Great, thank you so much, especially for entertaining the third question. Take care.

(Operator Instructions). [Judson Porter], private investor.

Good morning, and thank you for your report this morning. Two questions -- as a layperson, if Nick can explain this in a way that a layperson could understand it, two medical questions, really. One is how are local and distant recurrence defined for the study? And did ThermoDox show better success against local recurrence than distant, if we know?

Yes, that's a very interesting question and there was quite a bit of discussion on that, but let me first answer that question technically. Local recurrence is defined as a new lesion appearing within 1 cm of the original ablation zone. And distant recurrence would be everything else, basically. But what we saw was pretty interesting, in terms of the local versus distant recurrence and it caused a lot of questions and discussion at the meeting. And, again, we're not ready to discuss the details, but this is an area of focus and a big area of interest for us. So, I hope that at least partially answers your question.

, Okay. Yes, I recognize that the data analysis is still ongoing. Second question, and it was kind of answered but I need to follow it up and more specifically. You said -- it was said that the biology in the static liver cancer is somehow different than HCC. Is colorectal liver metastatic cancer likely to be more vulnerable to ThermoDox than HCC? Is the cancer itself different? Could you talk about that?

Yes, again, that's a difficult question. The biology is different in the sense that the tumors that are associated with metastatic liver cancer are not normally known to be sensitive to anthracyclines such as doxorubicin. However, in our Phase I studies, we showed some very nice results in that patient population. And so we think that the activity, that the high concentrations of doxorubicin overcomes that resistance in metastatic liver cancers. Whether that's going to work better relative -- in our HCC study, is hard for me to speculate right now and we'll have to see what the results are coming out. But we're very hopeful.
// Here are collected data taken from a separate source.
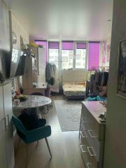 Студия просторная и светлая, с ремонтом. Есть лоджия, где можно оборудовать рабочий кабинет или зону отдыха. Из окна открывается красивый пейзаж на озелененные территории и аккуратные улицы. Высота потолков в комнатах 2,7 метра.
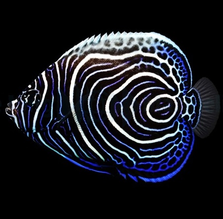 - Grote volwassene: Bij volwassenheid ontwikkelt de vis het iconische keizerlijk patroon met veelvuldige blauwe en gele tinten.
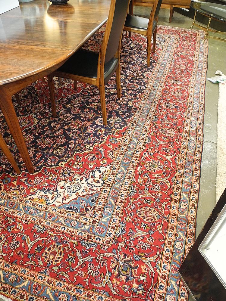 Kashan Carpet Approximately 13'11" x 9'7" (low pile/moth damage)
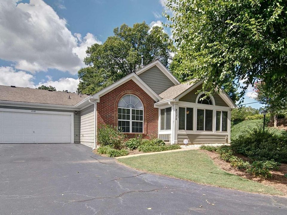 Beautiful Ranch Condo located in the Crossings of East Cobb! This fabulous one level home features an open floor plan with high ceilings, wood floors, loads of white kitchen cabinets and counter space with granite countertops and tile backsplash. Dining area has custom built-in bookcases and view to the great room with gas log fireplace and the beautiful sunroom. Two generous bedrooms each have walk-in closets and a full bath. Desirable split bedroom floorplan. Spacious sunroom with new carpet is sure to be a favorite spot. New paint and updated lighting throughout. Large two car garage and laundry room off kitchen. Great location, great community with pool and clubhouse. The perfect amount of space!! This quiet but socially active community is convenient to shopping and restaurants.

Now, Mike said some differences, between 3 to 5 centimeters and 5 to 7 centimeters, from the ATCC study. What sizes did the metastatic liver cancer lesions tend to be?

We took a look at that patient population and we opened up that protocol to any patients that are good candidates for RFA. So, we didn't put a hard number on the lesion sizes; we left that up to the clinical judgment of the clinician of the PIs in this study, so that if they are going to do an RFA, that they would consider that patient for our study. So, here, we're not putting hard numbers on that. We're opening up to patients that are candidates for RFA.

Okay. Thank you very much.

(Operator Instructions). [Bob Greene], private investor.

Good morning. Just one question -- the overall survival timeline for the HEAT study, when should receive the end of the overall timeline?

I'd like to be able to answer that question the next time we talk to you. As I mentioned, neither arm at this point has reached its median. We'd like to see another time point -- we're collecting data on a quarterly basis; we'd like to see another time point before we can project with some confidence when they overall survival benefit could be achieved. Now, that said, I know you want some guidance from us, and it's likely to be more than a year. If I can say that.

I was with the understanding, or we was, really, that it would be certain time from the last treatment but evidently it's a floating timeline, right?

Well, it's always our best estimate on what the timelines are going to be, as a function both of our expectation for the improvement that the therapy provides, and our understanding of the time to death following diagnosis that's in the literature. So, I can tell you it's always our best estimation, but it's not a firm date, Bob.

Thank you, sir.

It appears there are no more questions at this time.

So, I think we would like to conclude with a sincere thank you to all of our shareholders and those that follow Celsion. As always, we greatly appreciate your interest in the Company. We look forward to continuing our work and to updating you on our progress. Again, thank you very much and have a great day.

This concludes today's conference. Thank you for your participation.